Sidonie et Musette causaient tout bas. La partie continua.

– À peu près à la même heure, on se mettait à table chez les bohèmes. Pendant tout le repas Marcel parut inquiet. Chaque fois qu'on entendait un bruit de pas dans l'escalier, on le voyait tressaillir.

– Qu'est-ce que tu as? demandait Rodolphe; on dirait que tu attends quelqu'un. Ne sommes-nous pas au complet?

Mais à un certain regard que l'artiste lui lança, le poëte comprit quelle était la préoccupation de son ami.

– C'est vrai, pensa-t-il en lui-même, nous ne sommes pas au complet.

Le coup d'œil de Marcel signifiait Musette; le regard de Rodolphe voulait dire Mimi.

– Ça manque de femmes, dit tout à coup Schaunard.

– Sacrebleu!

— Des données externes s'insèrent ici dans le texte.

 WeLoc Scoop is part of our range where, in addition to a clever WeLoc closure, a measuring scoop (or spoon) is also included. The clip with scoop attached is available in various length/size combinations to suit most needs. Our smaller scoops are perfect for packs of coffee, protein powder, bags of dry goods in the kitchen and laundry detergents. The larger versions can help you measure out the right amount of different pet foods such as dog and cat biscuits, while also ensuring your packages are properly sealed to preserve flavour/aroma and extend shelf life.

Hurla Colline, vas-tu te taire avec tes réflexions libertines! Il a été convenu qu'on ne parlerait pas d'amour, ça fait tourner les sauces.

Et les amis recommencèrent à boire à plus amples rasades, pendant qu'en dehors la neige tombait toujours, et que dans l'âtre le bois flambait clair en tirant des feux d'artifice d'étincelles.

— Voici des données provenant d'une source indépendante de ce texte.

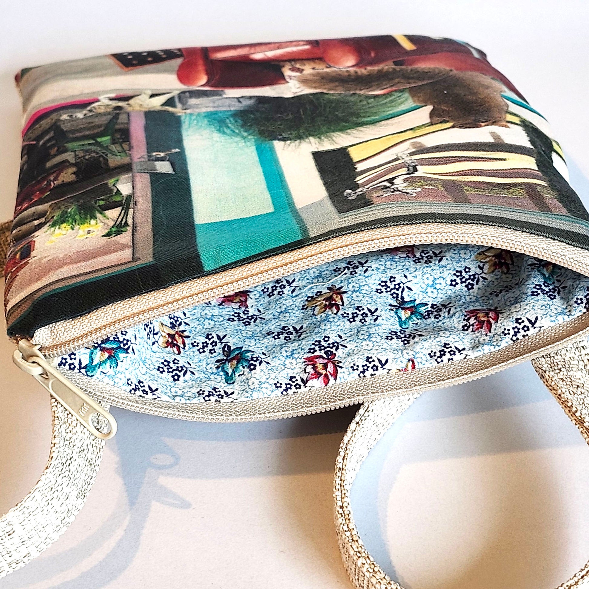 - Original collage printed on cotton, cotton lining, upholstery tweed, YKK and recycled zippers

Au moment où Rodolphe fredonnait tout haut le couplet d'une chanson qu'il venait de trouver au fond de son verre, on frappa plusieurs coups à la porte.

À ce bruit, comme un plongeur qui, frappant du pied le fond de l'eau, remonte à la surface, Marcel, engourdi dans un commencement d'ivresse, se leva précipitamment de sa chaise et courut ouvrir.

Ce n'était point Musette.

Un monsieur parut sur le seuil. Il tenait à la main un petit papier. Son extérieur paraissait agréable, mais sa robe de chambre était bien mal faite.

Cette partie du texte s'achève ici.